### Available data

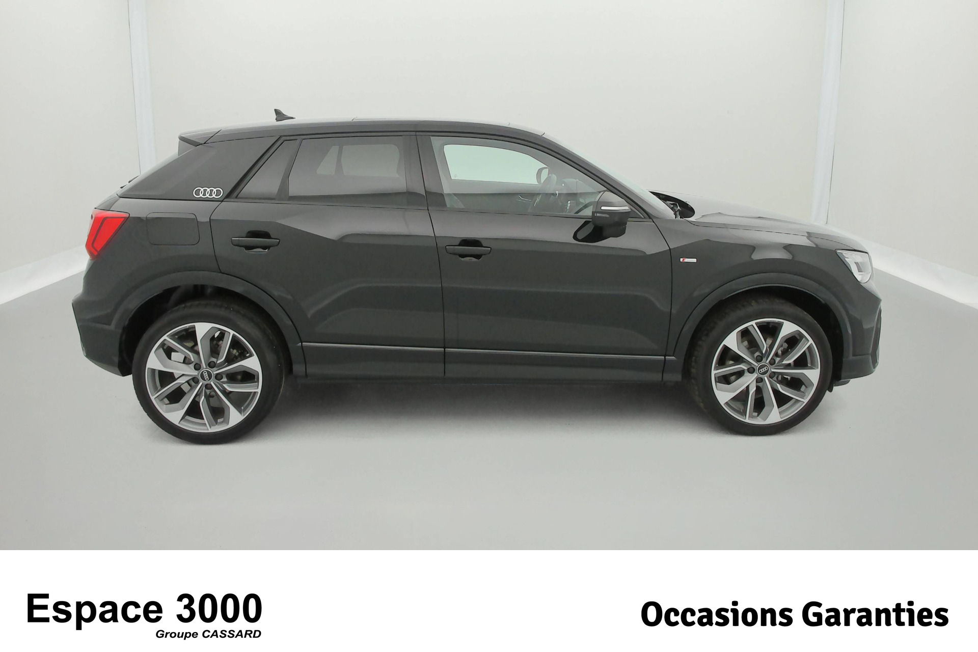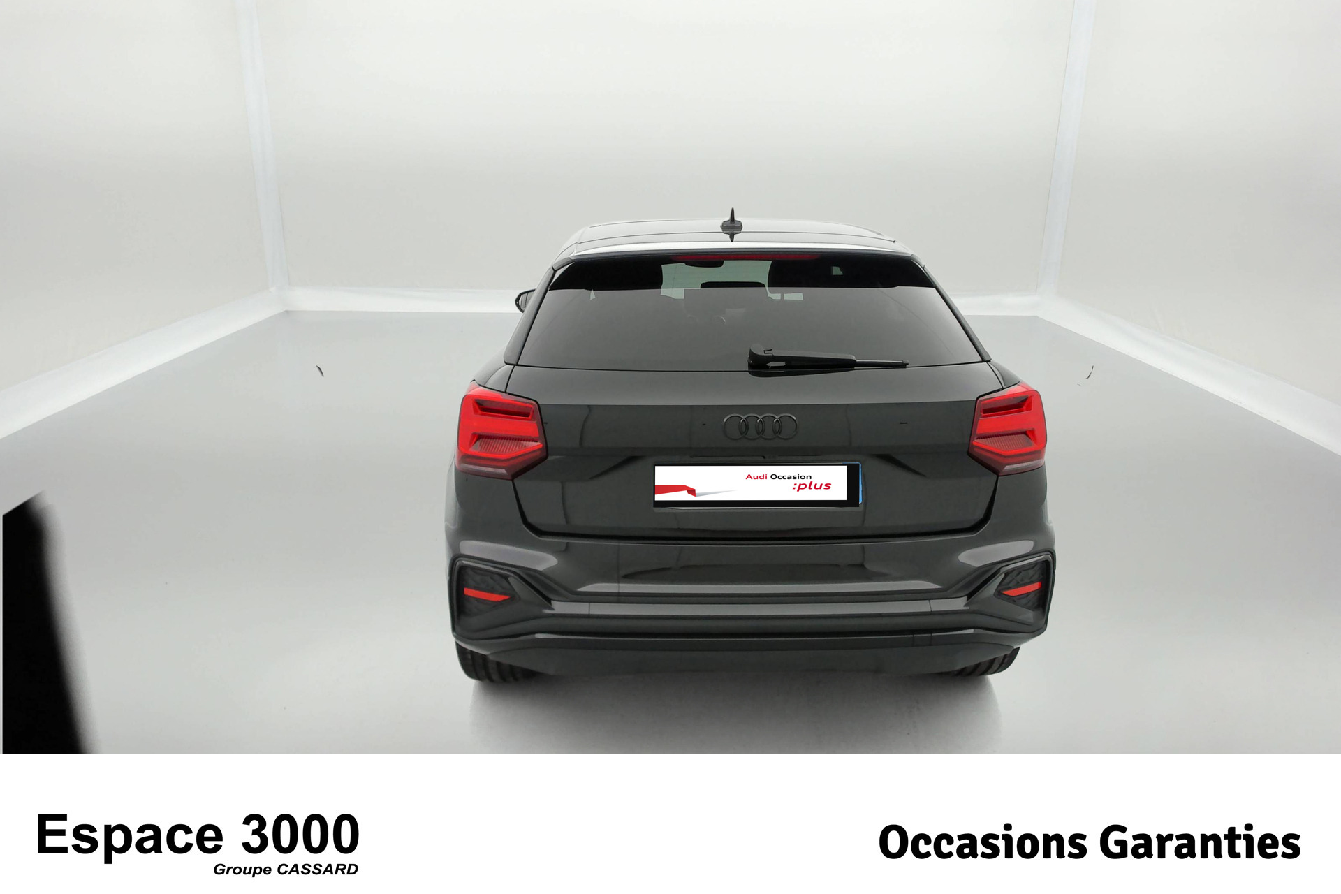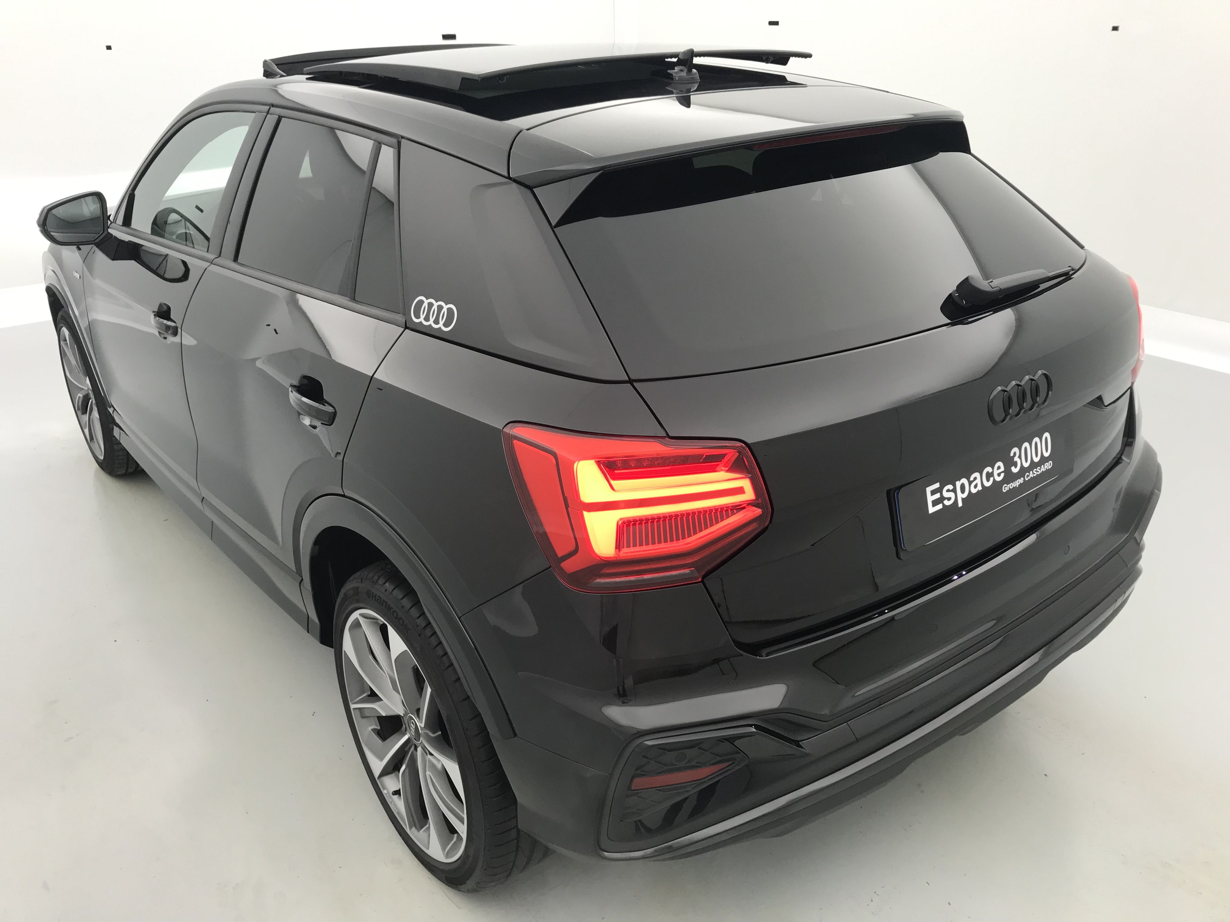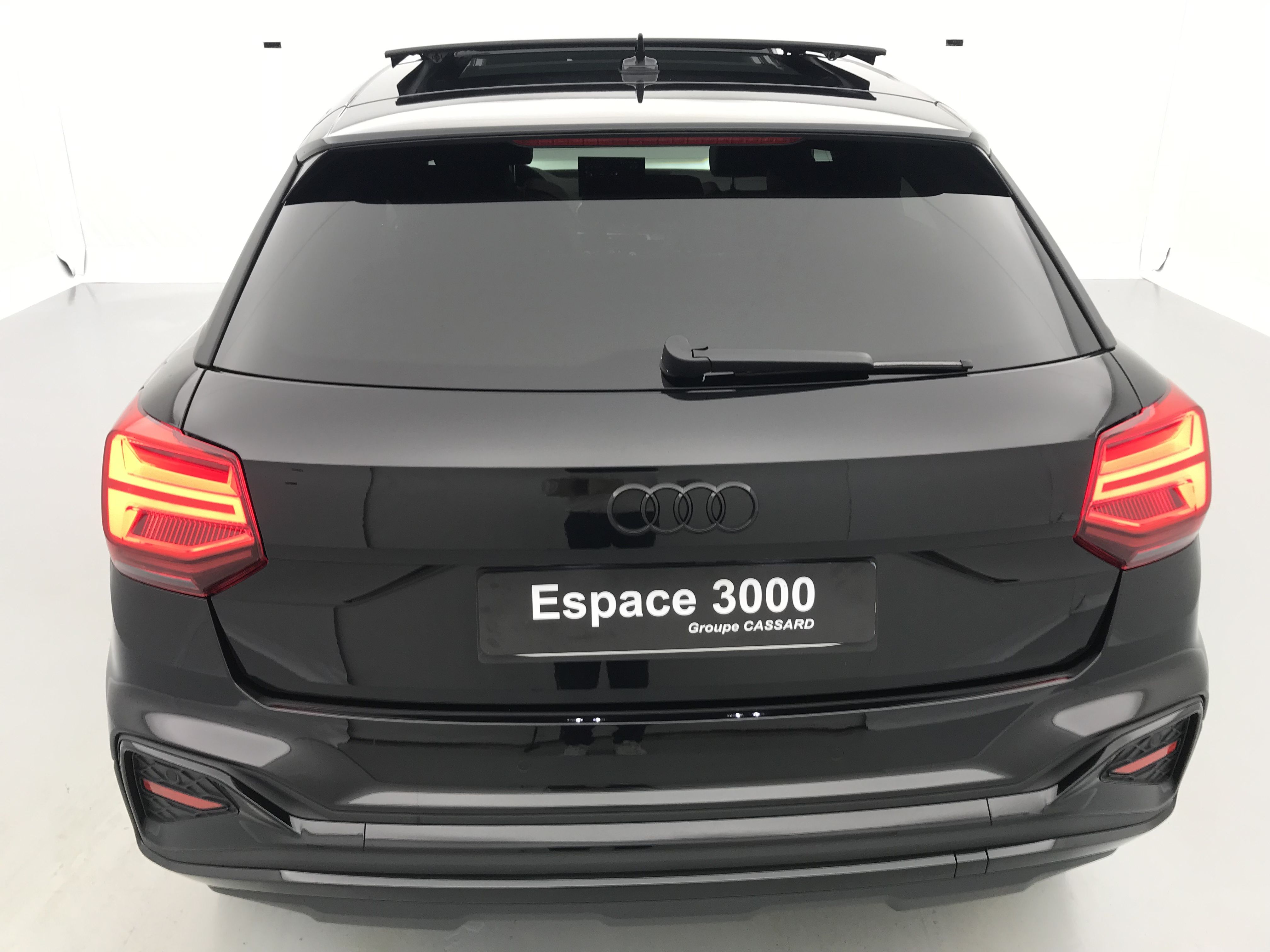 - Pack Esthétique Noir Plus Anneaux Audi en noir sur l'AV et l'AR du véhicule et identification du modèle/moteur en noir
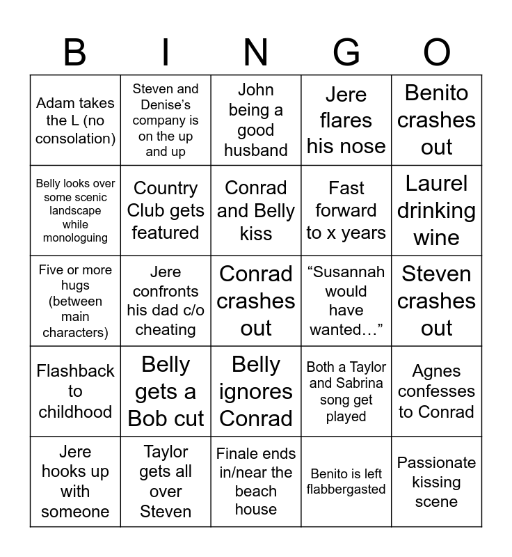 This bingo card has 25 words: Belly gets a Bob cut, Finale ends in/near the beach house, Conrad and Belly kiss, Jere hooks up with someone, Benito crashes out, Adam takes the L (no consolation), Belly looks over some scenic landscape while monologuing, Steven and Denise’s company is on the up and up, “Susannah would have wanted…”, Belly ignores Conrad, Fast forward to x years, Five or more hugs (between main characters), Both a Taylor and Sabrina song get played, Agnes confesses to Conrad, Country Club gets featured, Passionate kissing scene, Steven crashes out, John being a good husband, Laurel drinking wine, Jere confronts his dad c/o cheating, Conrad crashes out, Taylor gets all over Steven, Flashback to childhood, Jere flares his nose and Benito is left flabbergasted.
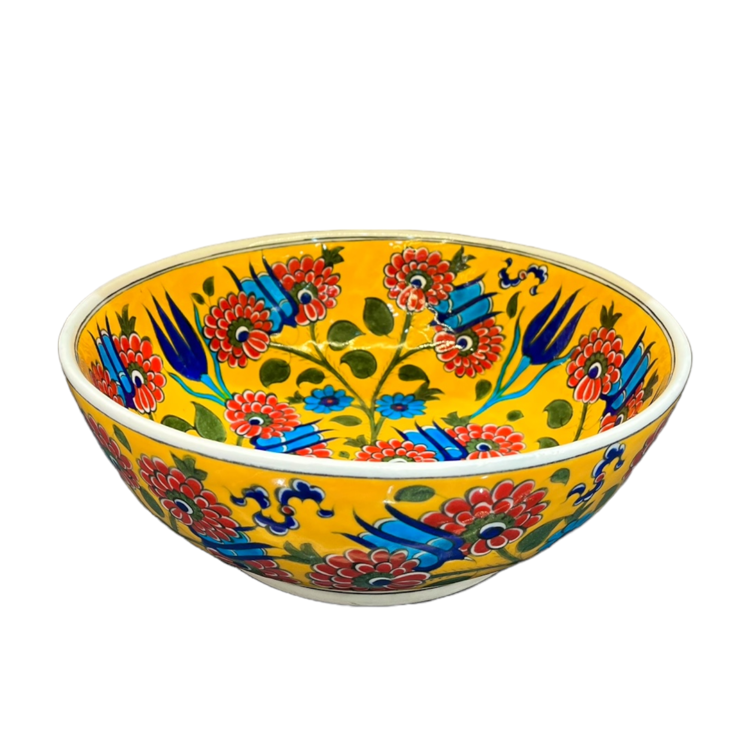 A bowl adorned with classic Iznik tulip patterns. This handcrafted item showcases an authentic example of traditional Turkish ceramic art. Tulip motifs reflect elegance and natural beauty, offering a visually striking aesthetic.
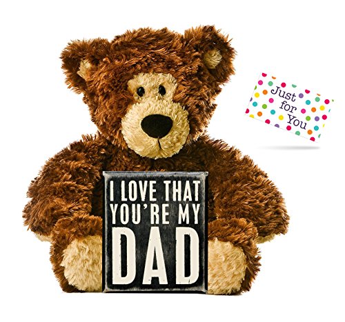 Give the perfect gift for Father's Day, birthday, or just because you want to tell Dad how much you love him - includes "I Love That You're My Dad" box sign, adorable plush brown teddy bear, and "Just for You" gift tag with envelope
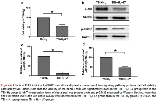 (3) 氫氣激活PI3K/Akt/GSK3β通路(圖2b-d, 4b-d)
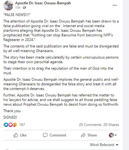The controversial man of God in a post on his official Facebook wall, Rev. Owusu Bempah denied a prophesy attributed to him that “Nothing can stop Bawumia from becoming NPP’s flagbearer in 2024”.
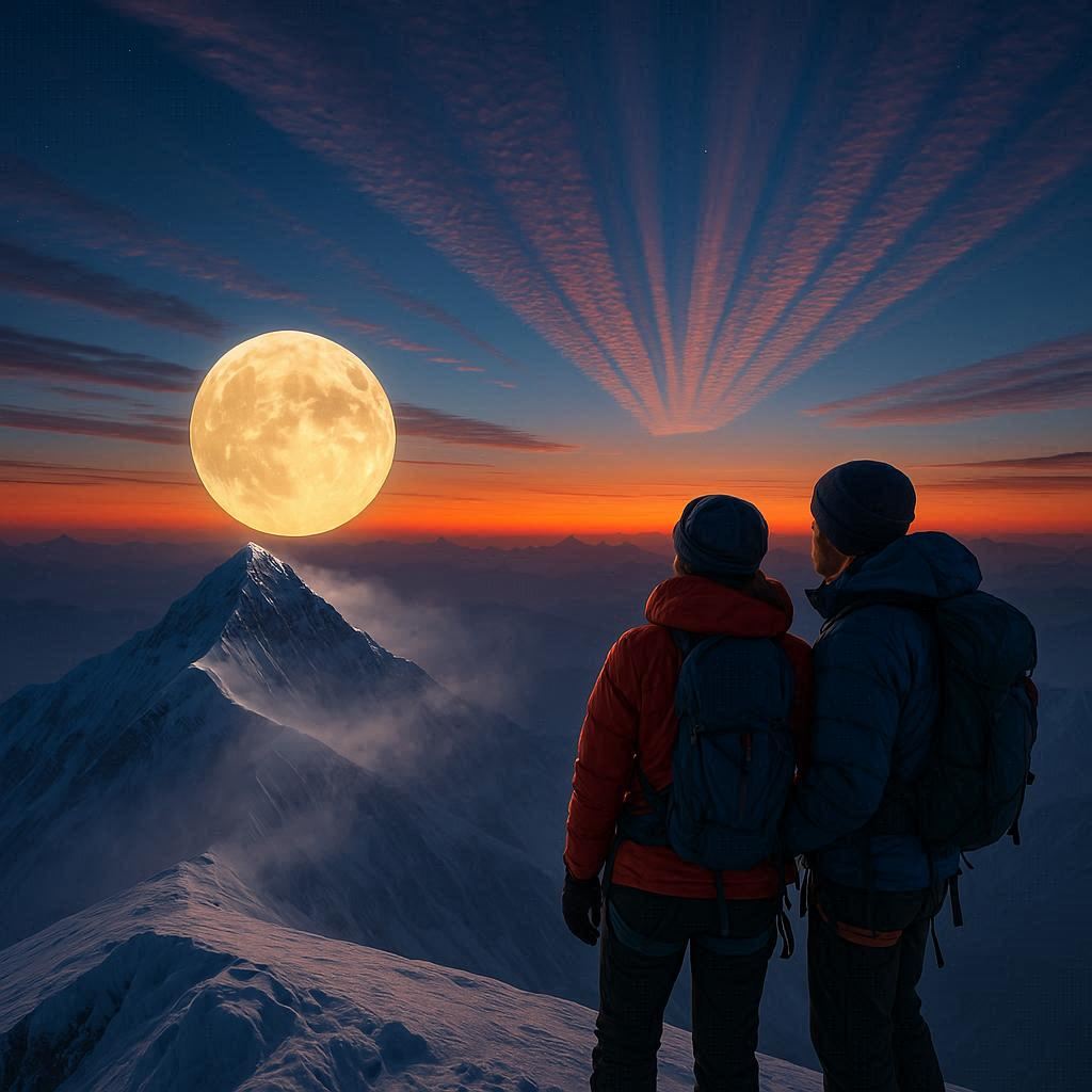 The Mid-Autumn Festival moon on August 15th will be exceptionally bright. I'm sure a significant number of people around the world will be admiring it today! If you're viewing the moon from land, the atmosphere around you will certainly not be comparable to that at the summit. This is because the low ambient temperature, the large moon, and the strange surroundings of the mountains make it impossible to distinguish between reality and illusion.
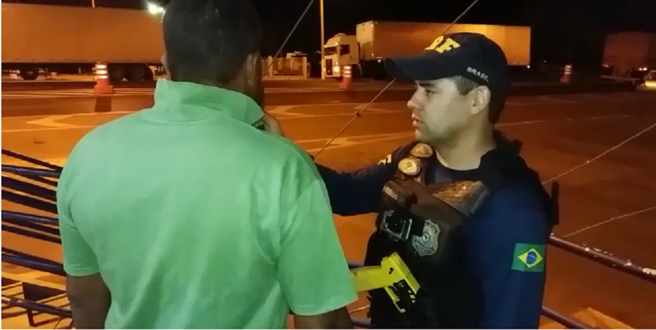 Policial Rodoviário Federal de Catalão (PRF GO) realizando teste de alcoolemia no Posto de Fiscalização em motorista que apresentava sinais de embriaguez. (Foto: Reprodução/Divulgação da PRF).
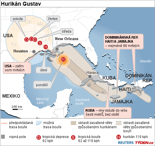 Pobřeží Spojených států bičuje déšť a vítr hnaný hurikánem Gustav. New Orleans opět po třech letech připomíná město duchů. Nucená evakuace je u konce, statisíce lidí prchly do vnitrozemí.
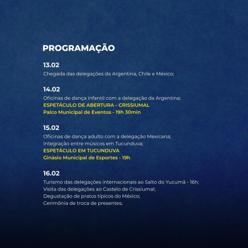 O GEMP divulgou neste final de semana a programação oficial e completa do 3º Festival Internacional de Folclore de Crissiumal, que irá acontecer entre os dias 13 e 22 de fevereiro, reunindo mais de 80 artistas de 04 diferentes nações.
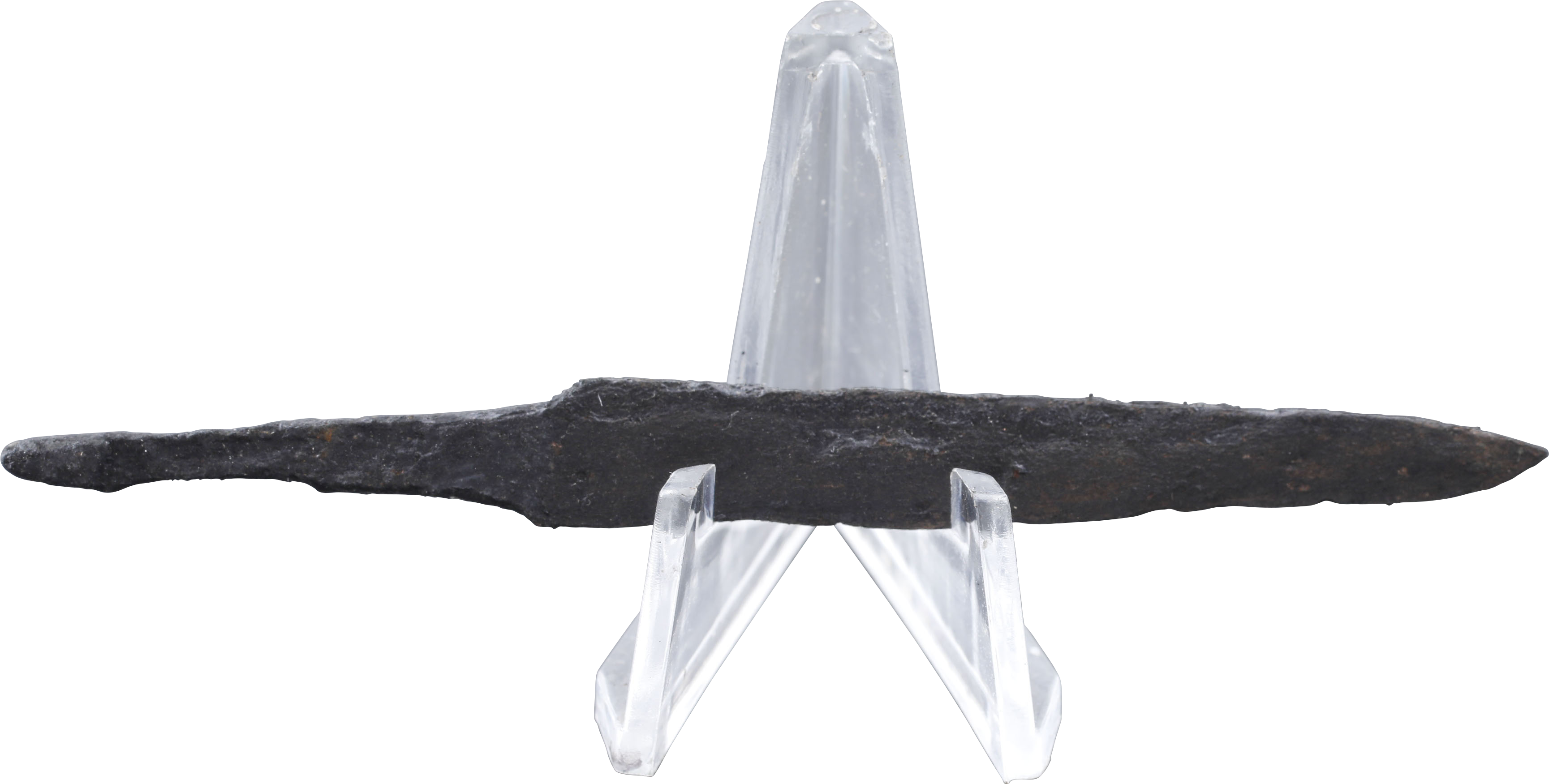 Just under 3 3/8” (3.36”) total length. Wedge section blade for slashing with a slightly dropped point. A vestigial “false edge”. Whittle tang, to secure it to the wood, bone, or antler grip, now perished. (See Leather Working Reverend website and Inhabitat website for similar examples with original grips.) Stable oxidation with a good profile, as typical for water, finds. These side or pouch knives were among the most treasured possessions for Vikings, rather than the large seax with which they were buried. They likely had spiritual significance to the owner during his life. A fine weapon, suitable for throat slashing as well as organ depth thrusting attacks. Excavated and professionally conserved with Plexiglas display easel and Certificate of Authenticity.

### Task instructions
Only one stretch of the data is wanted: write out exactly the lines from the one holding "This bingo card" through the one holding "The Mid-Autumn Festival", both included, without the pictures.

### Result below
 This bingo card has 25 words: Belly gets a Bob cut, Finale ends in/near the beach house, Conrad and Belly kiss, Jere hooks up with someone, Benito crashes out, Adam takes the L (no consolation), Belly looks over some scenic landscape while monologuing, Steven and Denise’s company is on the up and up, “Susannah would have wanted…”, Belly ignores Conrad, Fast forward to x years, Five or more hugs (between main characters), Both a Taylor and Sabrina song get played, Agnes confesses to Conrad, Country Club gets featured, Passionate kissing scene, Steven crashes out, John being a good husband, Laurel drinking wine, Jere confronts his dad c/o cheating, Conrad crashes out, Taylor gets all over Steven, Flashback to childhood, Jere flares his nose and Benito is left flabbergasted.
 A bowl adorned with classic Iznik tulip patterns. This handcrafted item showcases an authentic example of traditional Turkish ceramic art. Tulip motifs reflect elegance and natural beauty, offering a visually striking aesthetic.
 Give the perfect gift for Father's Day, birthday, or just because you want to tell Dad how much you love him - includes "I Love That You're My Dad" box sign, adorable plush brown teddy bear, and "Just for You" gift tag with envelope
 (3) 氫氣激活PI3K/Akt/GSK3β通路(圖2b-d, 4b-d)
The controversial man of God in a post on his official Facebook wall, Rev. Owusu Bempah denied a prophesy attributed to him that “Nothing can stop Bawumia from becoming NPP’s flagbearer in 2024”.
 The Mid-Autumn Festival moon on August 15th will be exceptionally bright. I'm sure a significant number of people around the world will be admiring it today! If you're viewing the moon from land, the atmosphere around you will certainly not be comparable to that at the summit. This is because the low ambient temperature, the large moon, and the strange surroundings of the mountains make it impossible to distinguish between reality and illusion.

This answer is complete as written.